Contents
BACKGROUND THEORY
A standard nonparametric test is exact, in that the false positive rate is exactly equal to the specified α level. Using randomise with a GLM that corresponds to one of the following simple statistical models will result in exact inference:
One sample t-test on difference measures Two sample t-test One-way ANOVA Simple correlation Use of almost any other GLM will result in approximately exact inference. In particular, when the model includes both the effect tested (e.g., difference in FA between two groups) and nuisance variables (e.g., age), exact tests are not generally available. Permutation tests rely on an assumption of exchangeability; with the models above, the null hypothesis implies complete exchangeability of the observations. When there are nuisance effects, however, the null hypothesis no longer assures the exchangeability of the data (e.g. even when the null hypothesis of no FA difference is true, age effects imply that you can't permute the data without altering the structure of the data).

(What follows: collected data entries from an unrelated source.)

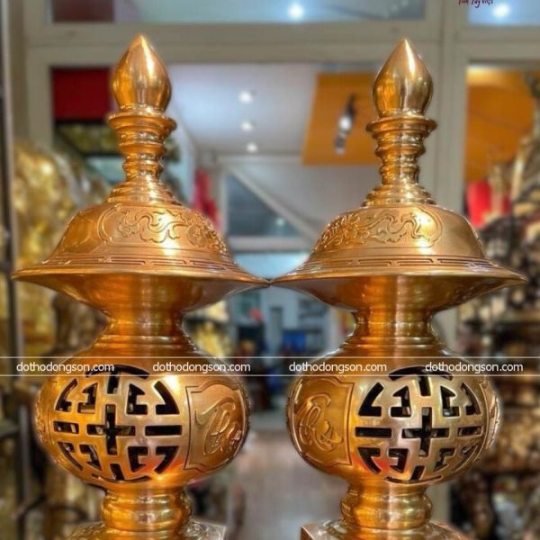 – Họa tiết tinh tế: Đèn Thờ bằng đồng được trang trí nhiều họa tiết hoa văn mang ý nghĩa tốt lành như chim hạc, rồng, sen, phượng hoàng. Một số Đèn Thờ bằng đồng cao cấp còn được mạ vàng, khảm tam khí ngũ sắc để tăng sự sang trọng, quý phái nơi thờ tự.
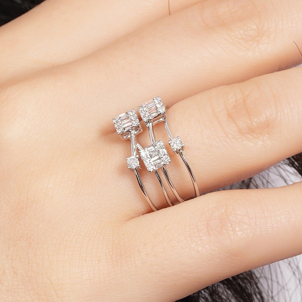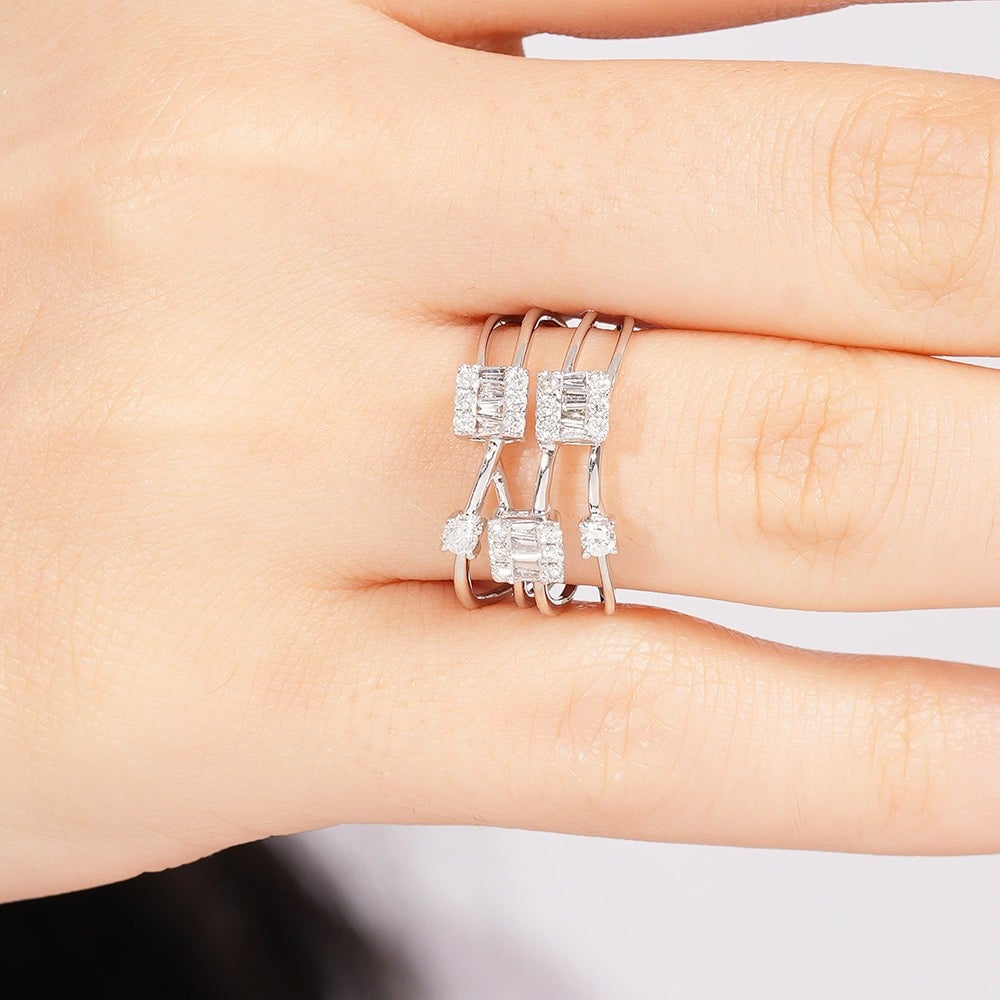 صنع هذا الخاتم خصيصا لكل امراة تحب الظهور بشكل عصري، بخطوط متداخلة من الذهب الأبيض تحمل خمسة ألماسات بقصات متميزة، مما يزين إطلالتك بأناقة لا حدود لها.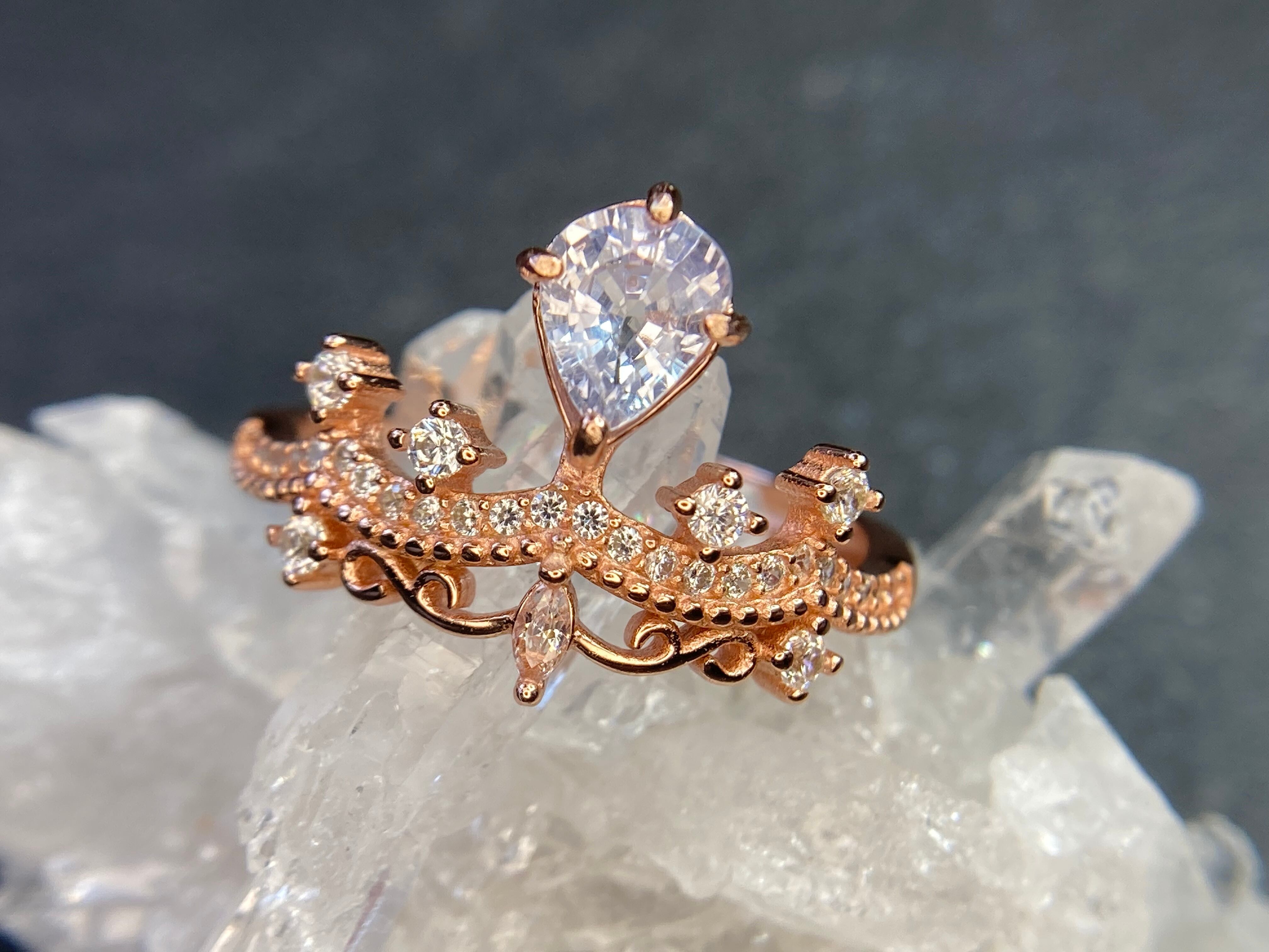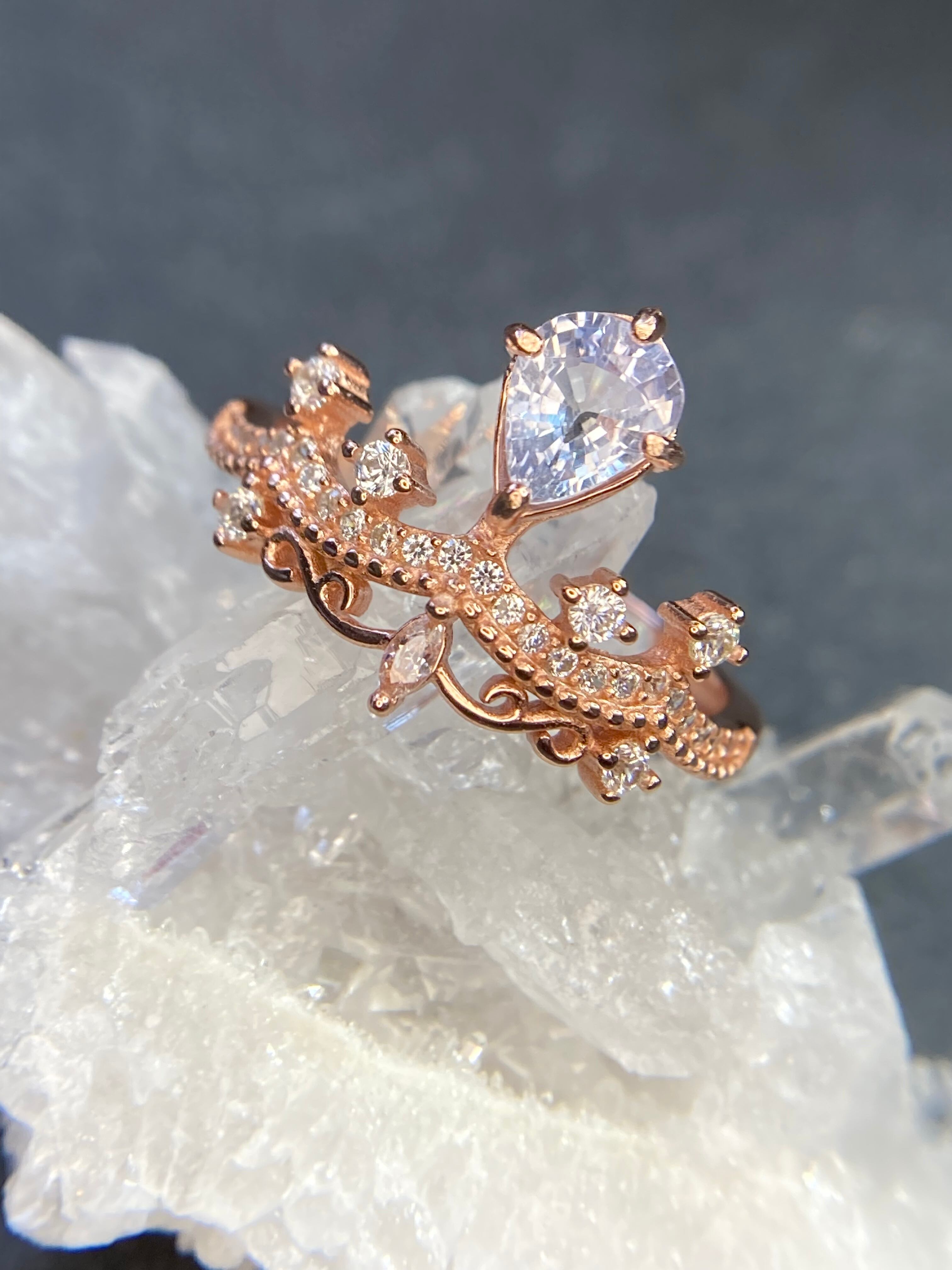 まるでシャンデリアのように美しいデザインのトップからアイスブルーのサファイアが零れ落ちんばかりに輝いているゴージャスなリングです。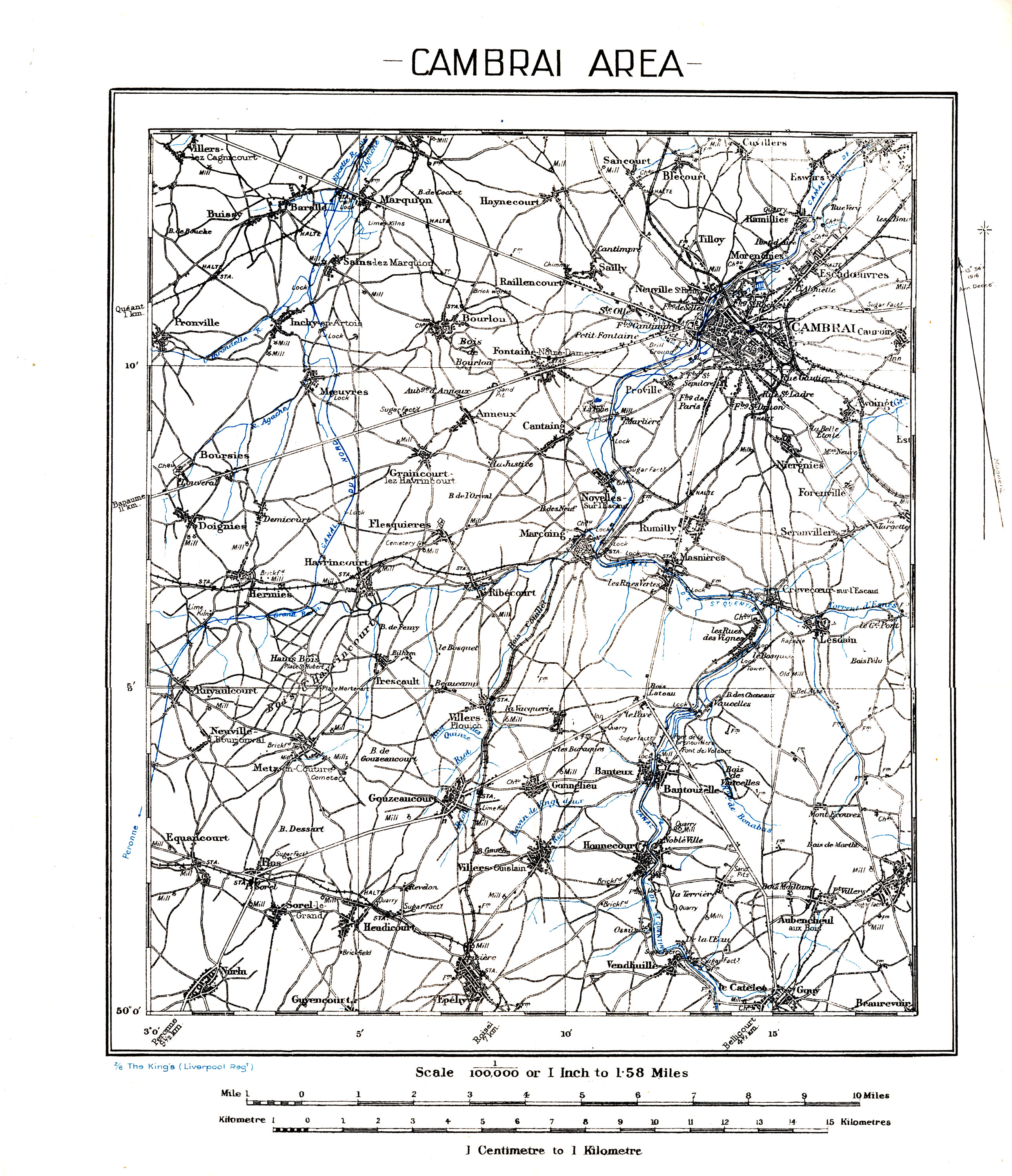 The 2/6th "The King's" (Liverpool Regiment) took part with distinction in all the fighting of the Division from February, 1917, up to the Armistice. The battalion showed its offensive spirit in the third battle of Ypres, the breaking of the Drocourt-Quéant switch of the Hindenburg Line, the battle of Cambrai, and the capture of Lille; and its steadiness in defence during the long periods of trench warfare, and especially in the terrible gas bombardment of Armentières.

Permutation tests for the General Linear Model
For an arbitrary GLM randomise uses the method of Freeman & Lane (1983). Based on the contrast (or set of contrasts defining an F test), the design matrix is automatically partitioned into tested effects and nuisance (confound) effects. The data are first fit to the nuisance effects alone and nuisance-only residuals are formed. These residuals are permuted, and then the estimated nuisance signal is added back on, creating an (approximate) realization of data under the null hypothesis. This realization is fit to the full model and the desired test statistic is computed as usual. This process is repeated to build a distribution of test statistics equivalent under the null hypothesis specified by the contrast(s). For the simple models above, this method is equivalent to the standard exact tests; otherwise, it accounts for nuisance variation present under the null. Note, that randomise v2.0 and earlier used a method due to Kennedy (1995). While both the Freedman-Lane and Kennedy methods are accurate for large n, for small n the Kennedy method can tend to false inflate significances. For a review of these issues and even more possible methods, see Anderson & Robinson (2001) and Winkler et al (2014) [references below].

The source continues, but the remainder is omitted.